> _What is being asked_: For the data that follows, return each line unchanged and drop the pictures.

> _Data below_:
——————

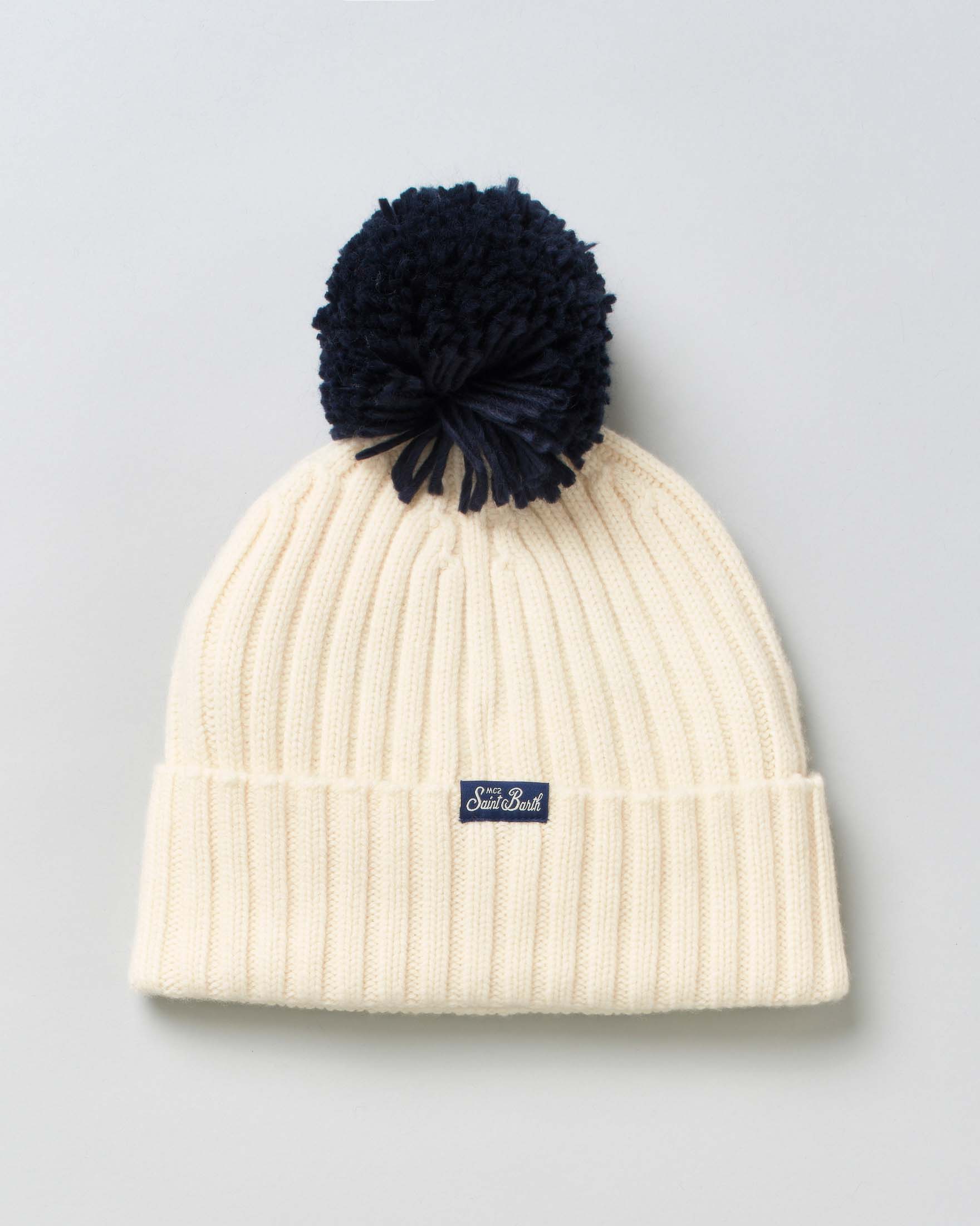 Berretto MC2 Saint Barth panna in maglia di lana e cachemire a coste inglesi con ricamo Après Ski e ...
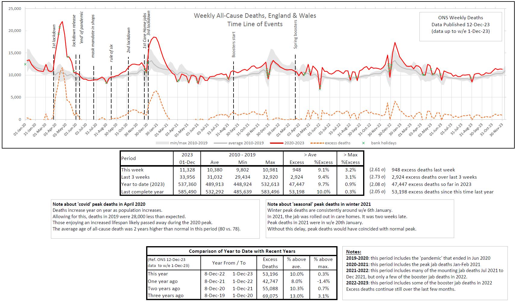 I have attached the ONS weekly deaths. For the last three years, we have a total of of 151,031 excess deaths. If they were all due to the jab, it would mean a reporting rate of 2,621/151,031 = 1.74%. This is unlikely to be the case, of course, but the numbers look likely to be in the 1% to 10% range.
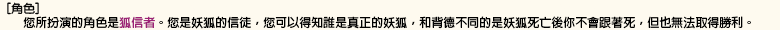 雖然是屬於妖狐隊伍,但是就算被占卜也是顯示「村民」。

——————

> _Solution below_:
 Berretto MC2 Saint Barth panna in maglia di lana e cachemire a coste inglesi con ricamo Après Ski e ...
 I have attached the ONS weekly deaths. For the last three years, we have a total of of 151,031 excess deaths. If they were all due to the jab, it would mean a reporting rate of 2,621/151,031 = 1.74%. This is unlikely to be the case, of course, but the numbers look likely to be in the 1% to 10% range.
 雖然是屬於妖狐隊伍,但是就算被占卜也是顯示「村民」。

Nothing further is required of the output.